Asked if Hendrix will compete with Rees, or instead prepare himself as a change-of-pace, "package" quarterback, Kelly noted it was too soon to look at expanding his role.

"I don't know that you can go into the game and say, 'I'm just happy with a half-dozen snaps.'  I hope that -- and the way we presented it to Andrew is, look, you've got to help us win. You've got to help us win football games.  So his mindset has to be, I want to keep adding more to my plate.  I want more and more. 

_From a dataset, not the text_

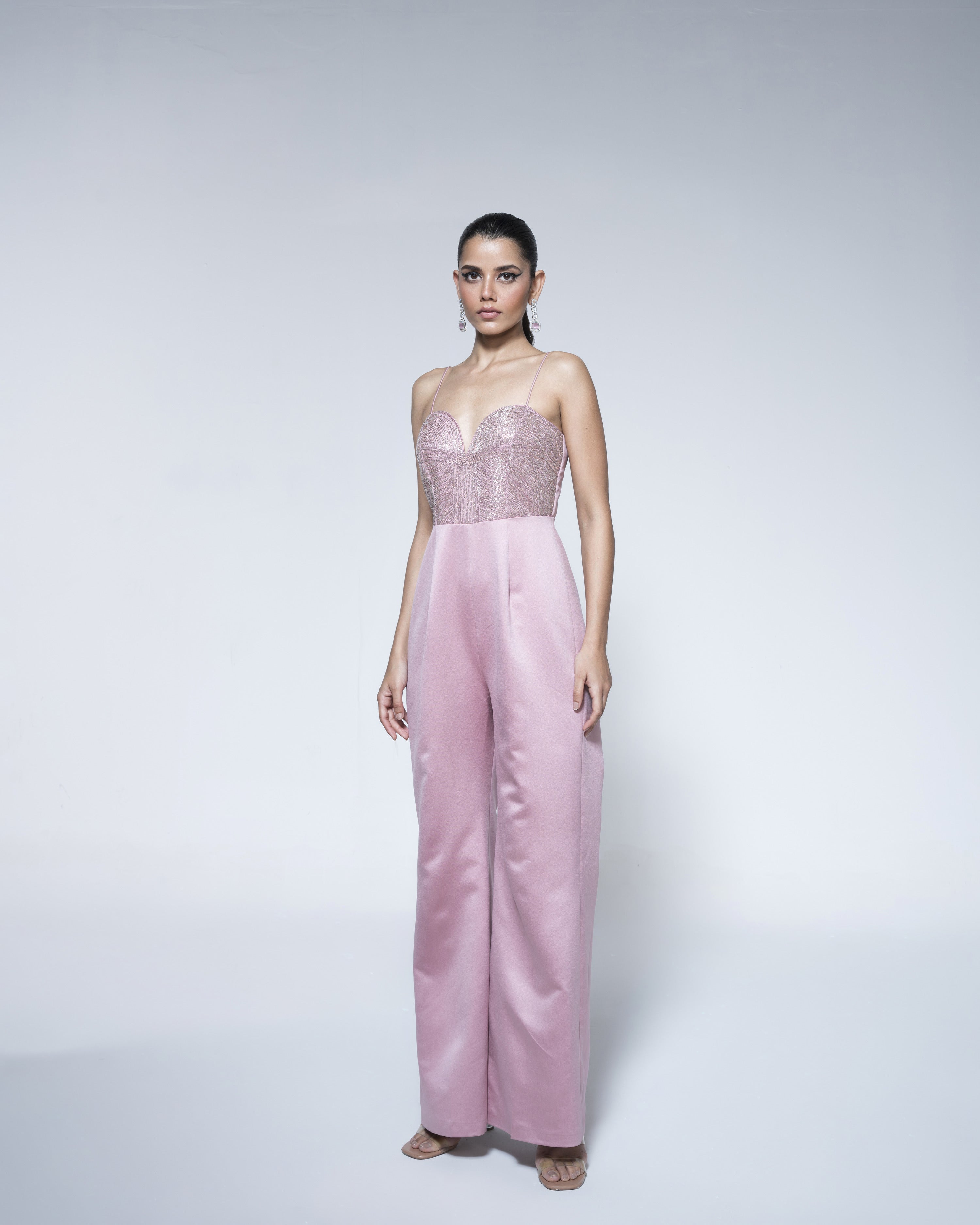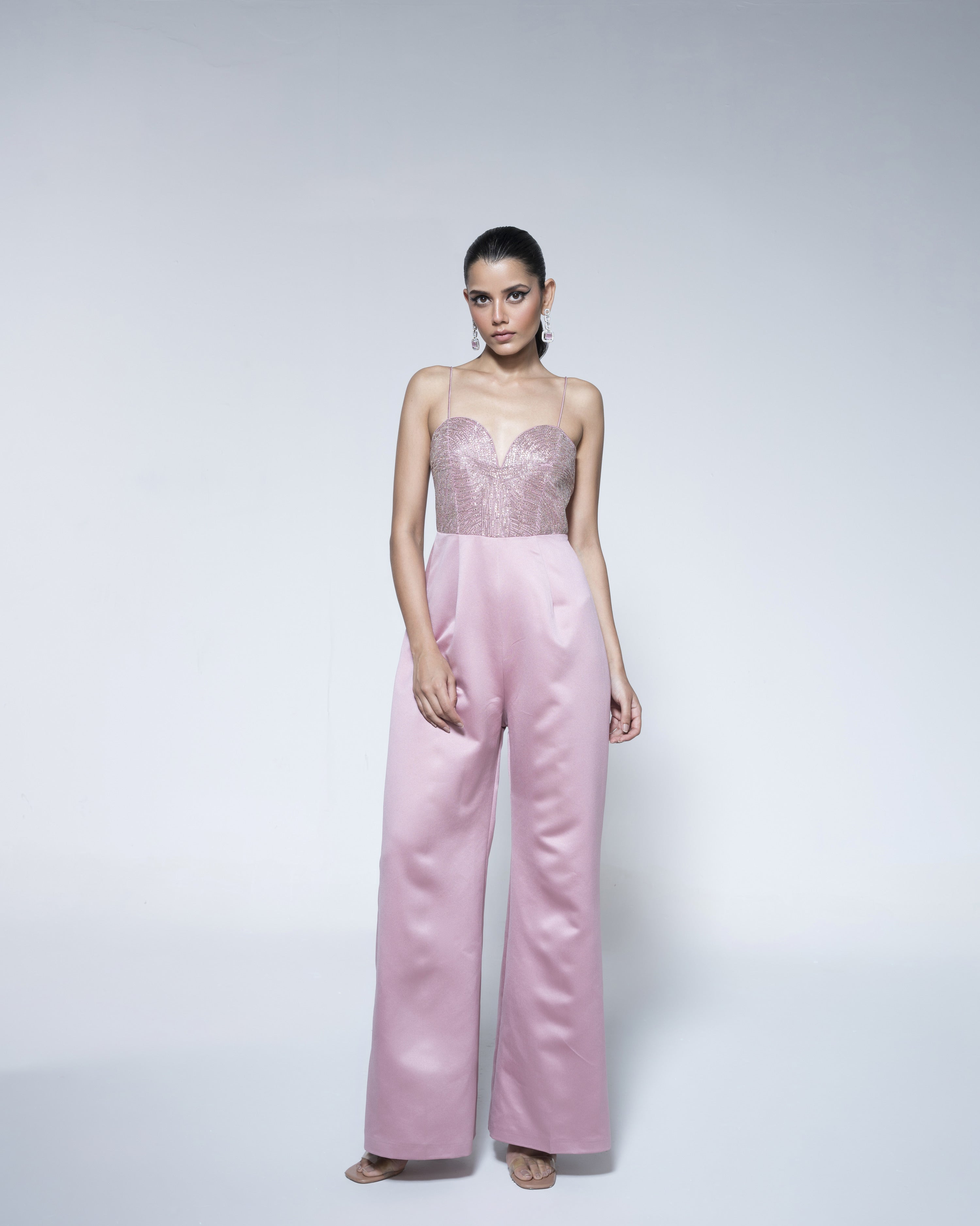Featuring a peach pink jumpsuit in dutchess satin base with centerhole, cutdana and sequins embellishment. Accentuate it with statement earrings and heels for a festive occasion or mehendi ceremony.

"To answer that question is probably a little bit too premature. We've got to get him to be more effective when he goes in the game because he's going to go back in the game on Saturday (vs. Arizona State) and he's got to be more effective in that role. And then let's look to add on to that, and then maybe get to your initial question of, 'Hey, you know what, I'm going to push Tommy Rees as the starter.'"

Rees' Rhythm

Routinely inserted and removed from games last season, Rees is no stranger to sharing snaps. As the player who'll receive the lion's share, the immersion of another quarterback into the offense is unlikely to have an adverse affect.

"I think it gives the defense another thing to prepare for, it helps us in certain situations," Rees said. "Obviously, we used him a lot. When we needed a couple yards down in the red zone, it's just another component of our offense. If Andrew can help us win games, there is no point in not using him."

Pressed if time on the sidelines interrupted his rhythm, Rees said, "No, not really. No, not really."

Hendrix wasn't used in the second half, his first-half output included: +1, incomplete pass, +2 (on 1st and G at the 3), a false start on the offense, +6, -7, +4 on 3rd and 1, a snap infraction on the offense, and +5 (on 1st and 15).

Not the stuff of legend, but Notre Dame was able to mount drives with Hendrix involved.

"The way we are playing, we don't have much margin, and certainly it's important for us to run the football," Kelly said. "So I think Andrew gives us that dimension that allows us to run the football, help us out in some short yardage situations where we know it's been difficult for us with so many guys on the line of scrimmage that it doesn't turn into, you know, throw the football every time.

"I think he helps us out in those situations. We'd like to expand it where we get him to have some play-action pass and some passing game, as well. We don't want to turn this into a Wildcat. We want him to be part of the offense and one that you have to defend. So I think it's evolving. But I think it's certainly something that he can fit into and be part of what we do moving forward."

Arizona State will feature a dual-threat triggerman this Saturday in Taylor Kelly. Notre Dame's Kelly is trying to create a viable running threat of his own from the position -- a dual-quarterback attack.